DATA IN THIS EXERCISE:
== Segment start ==
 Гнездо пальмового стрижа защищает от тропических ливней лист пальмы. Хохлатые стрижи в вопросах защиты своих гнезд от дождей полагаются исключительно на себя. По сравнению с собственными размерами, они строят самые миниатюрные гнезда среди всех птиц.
== Segment end ==
== Segment start ==
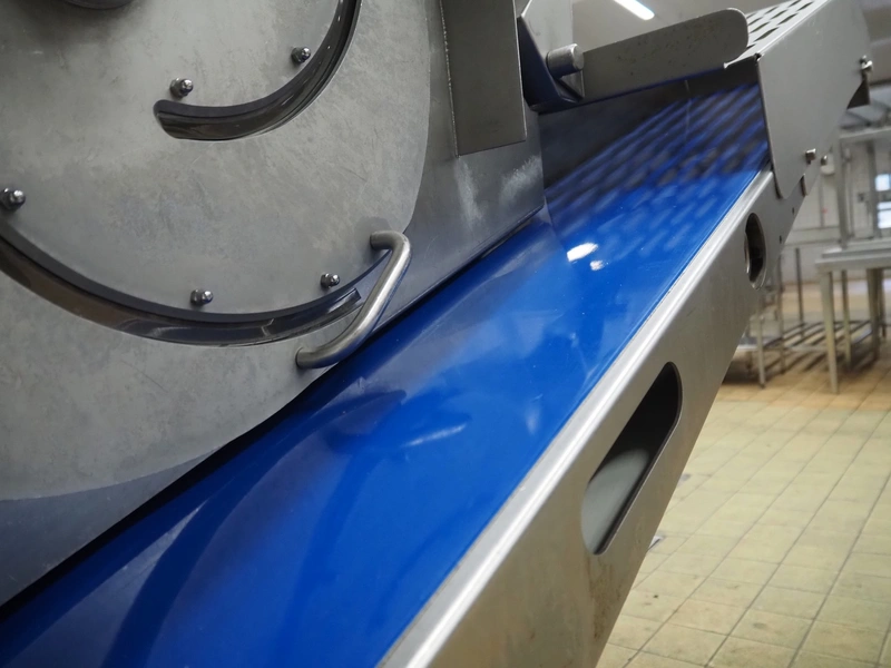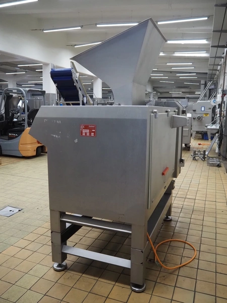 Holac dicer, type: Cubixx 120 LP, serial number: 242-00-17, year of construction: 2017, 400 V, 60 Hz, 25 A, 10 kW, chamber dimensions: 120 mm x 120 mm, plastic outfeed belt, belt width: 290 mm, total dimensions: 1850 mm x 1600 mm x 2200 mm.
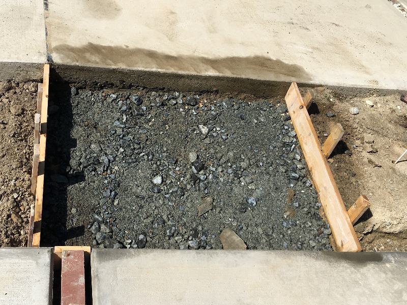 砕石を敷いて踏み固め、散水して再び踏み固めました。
== Segment end ==
== Segment start ==
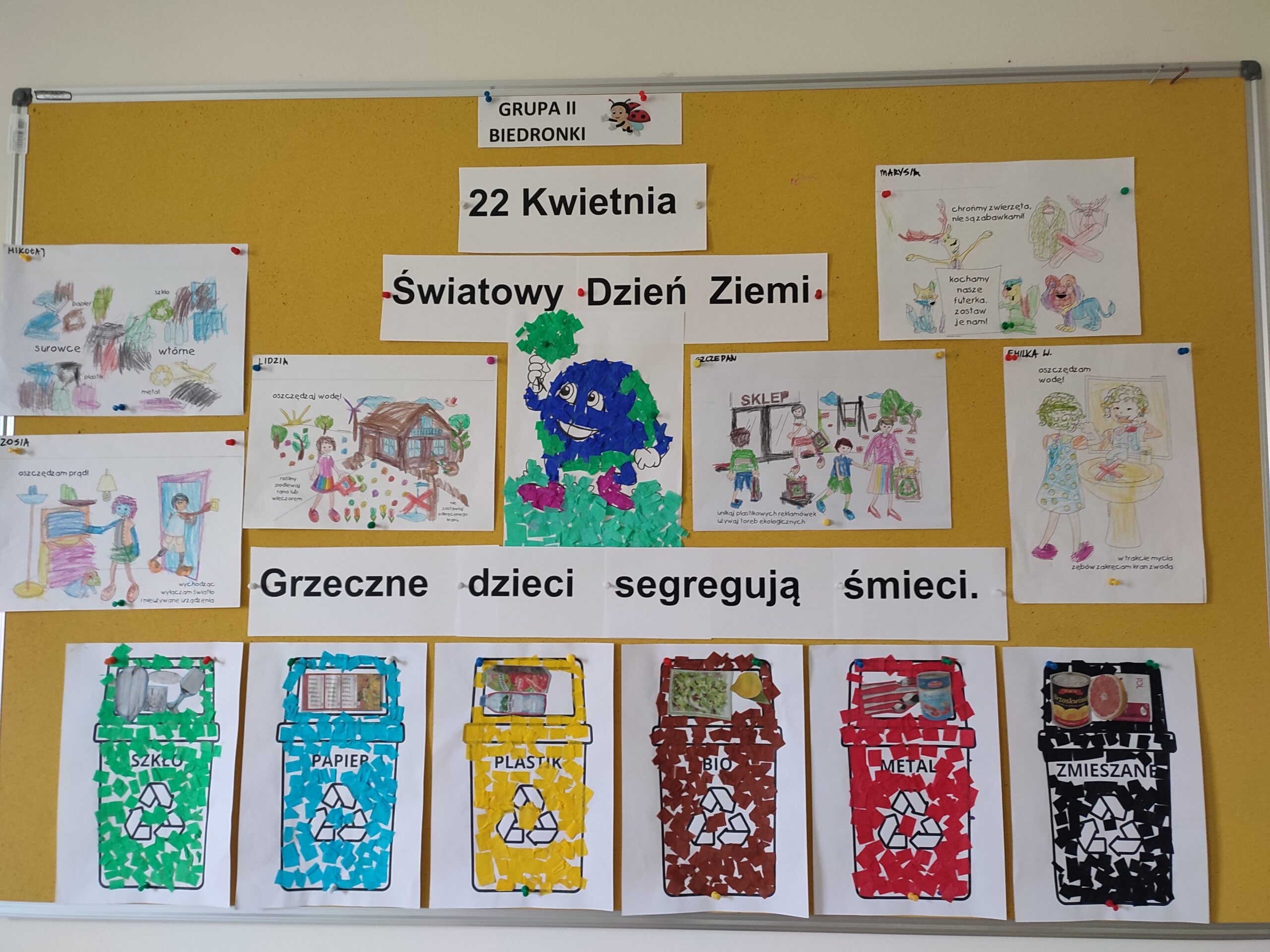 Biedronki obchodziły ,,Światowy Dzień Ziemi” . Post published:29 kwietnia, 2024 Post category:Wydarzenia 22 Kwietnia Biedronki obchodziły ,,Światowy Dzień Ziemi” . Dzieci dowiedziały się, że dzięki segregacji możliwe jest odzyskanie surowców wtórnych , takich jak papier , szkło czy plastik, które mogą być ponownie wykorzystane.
== Segment end ==
WHAT YOU HAVE TO DO:
When copying from the data above, print only the lines from the line containing "Holac dicer, type: Cubixx" to the line containing "砕石を敷いて踏み固め、散水して再び踏み固めました。", exactly, and leave the pictures out.

ANSWER TO THIS PROBLEM:
 Holac dicer, type: Cubixx 120 LP, serial number: 242-00-17, year of construction: 2017, 400 V, 60 Hz, 25 A, 10 kW, chamber dimensions: 120 mm x 120 mm, plastic outfeed belt, belt width: 290 mm, total dimensions: 1850 mm x 1600 mm x 2200 mm.
 砕石を敷いて踏み固め、散水して再び踏み固めました。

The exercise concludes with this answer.